▶ _Work instruction_
Using the listing below, set down exactly the lines from the one that contains "A gorgeous LGBT" through the one that contains "In 1493, he", with no pictures.

▶ _Data extract_
■ ■ ■ ■ ■ ■ ■

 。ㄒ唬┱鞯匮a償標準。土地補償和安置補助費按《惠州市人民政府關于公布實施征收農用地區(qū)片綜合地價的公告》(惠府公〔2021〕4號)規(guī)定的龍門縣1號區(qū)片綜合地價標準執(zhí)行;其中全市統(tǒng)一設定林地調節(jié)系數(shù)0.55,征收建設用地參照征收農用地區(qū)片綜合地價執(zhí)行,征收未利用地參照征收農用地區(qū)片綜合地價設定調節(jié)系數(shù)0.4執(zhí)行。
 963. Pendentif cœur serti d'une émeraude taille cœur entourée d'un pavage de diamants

■ ■ ■ ■ ■ ■ ■

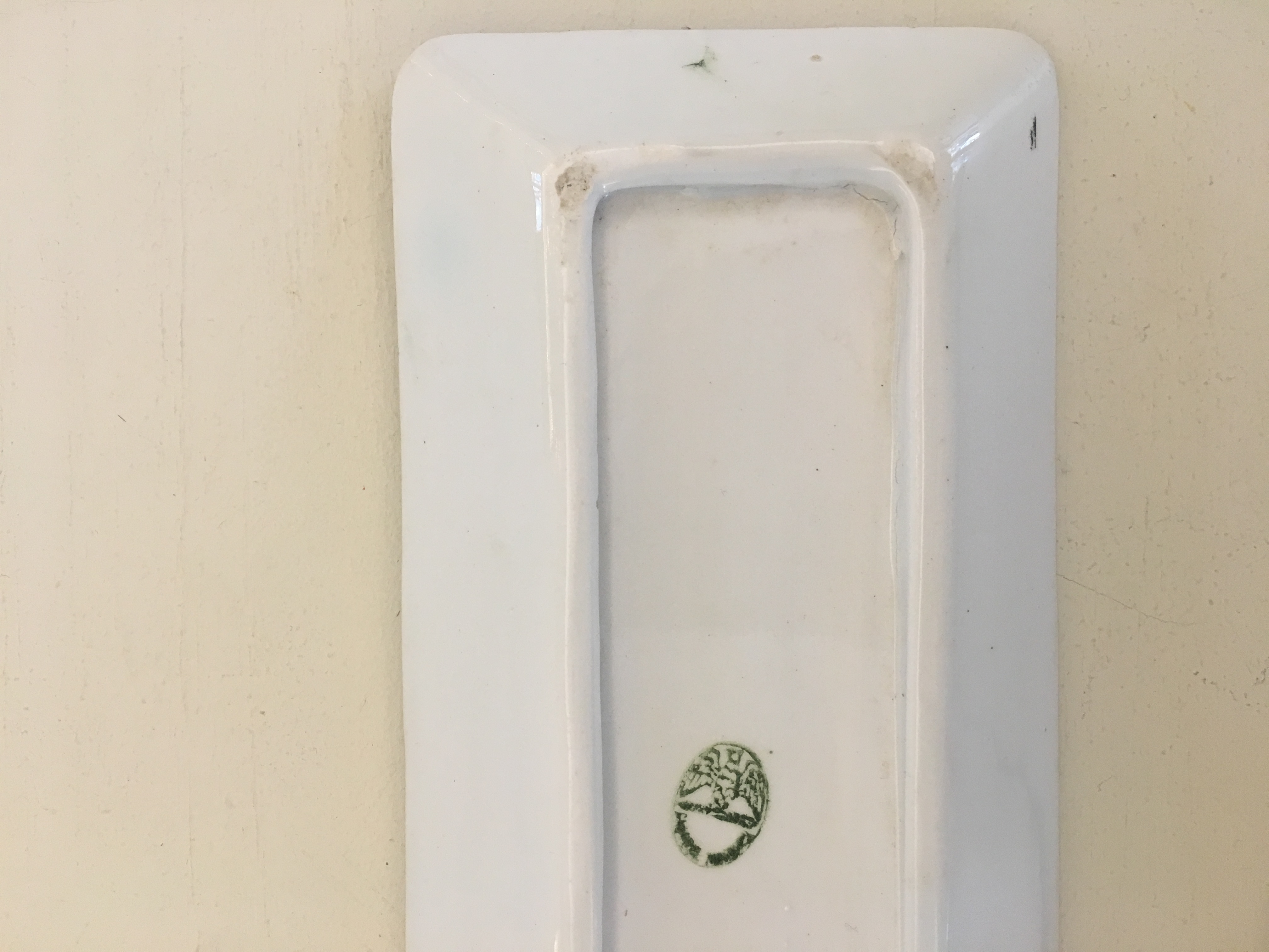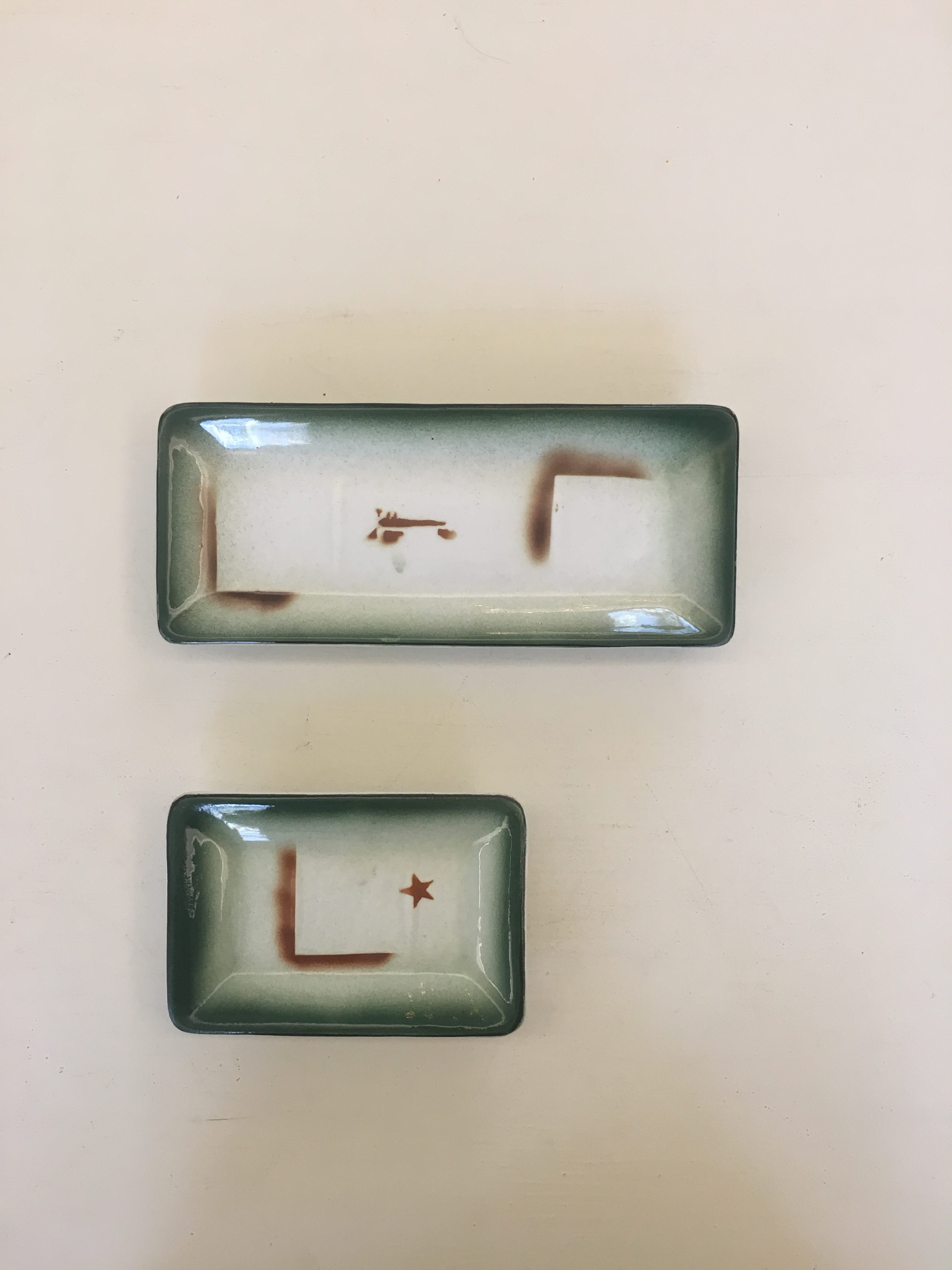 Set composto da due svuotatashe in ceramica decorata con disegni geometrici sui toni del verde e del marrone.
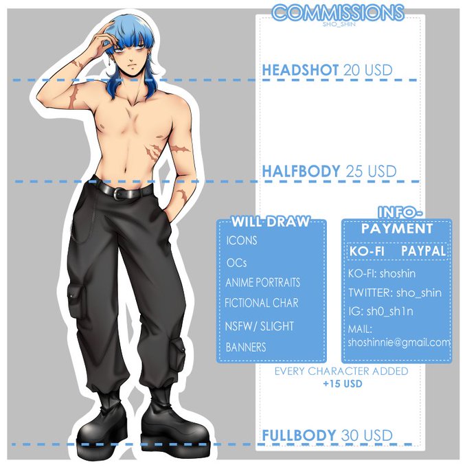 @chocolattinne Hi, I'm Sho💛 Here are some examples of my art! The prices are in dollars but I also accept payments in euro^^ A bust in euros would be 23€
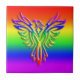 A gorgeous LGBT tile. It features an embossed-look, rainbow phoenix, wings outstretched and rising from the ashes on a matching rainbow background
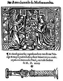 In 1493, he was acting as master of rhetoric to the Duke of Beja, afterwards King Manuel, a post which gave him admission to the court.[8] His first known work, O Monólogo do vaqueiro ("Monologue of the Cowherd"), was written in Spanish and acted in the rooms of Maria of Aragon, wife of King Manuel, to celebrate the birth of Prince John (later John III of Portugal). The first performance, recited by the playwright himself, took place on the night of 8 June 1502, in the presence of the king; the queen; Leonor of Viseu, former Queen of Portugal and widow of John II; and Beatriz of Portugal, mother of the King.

■ ■ ■ ■ ■ ■ ■

▶ _Result below_
 A gorgeous LGBT tile. It features an embossed-look, rainbow phoenix, wings outstretched and rising from the ashes on a matching rainbow background
 In 1493, he was acting as master of rhetoric to the Duke of Beja, afterwards King Manuel, a post which gave him admission to the court.[8] His first known work, O Monólogo do vaqueiro ("Monologue of the Cowherd"), was written in Spanish and acted in the rooms of Maria of Aragon, wife of King Manuel, to celebrate the birth of Prince John (later John III of Portugal). The first performance, recited by the playwright himself, took place on the night of 8 June 1502, in the presence of the king; the queen; Leonor of Viseu, former Queen of Portugal and widow of John II; and Beatriz of Portugal, mother of the King.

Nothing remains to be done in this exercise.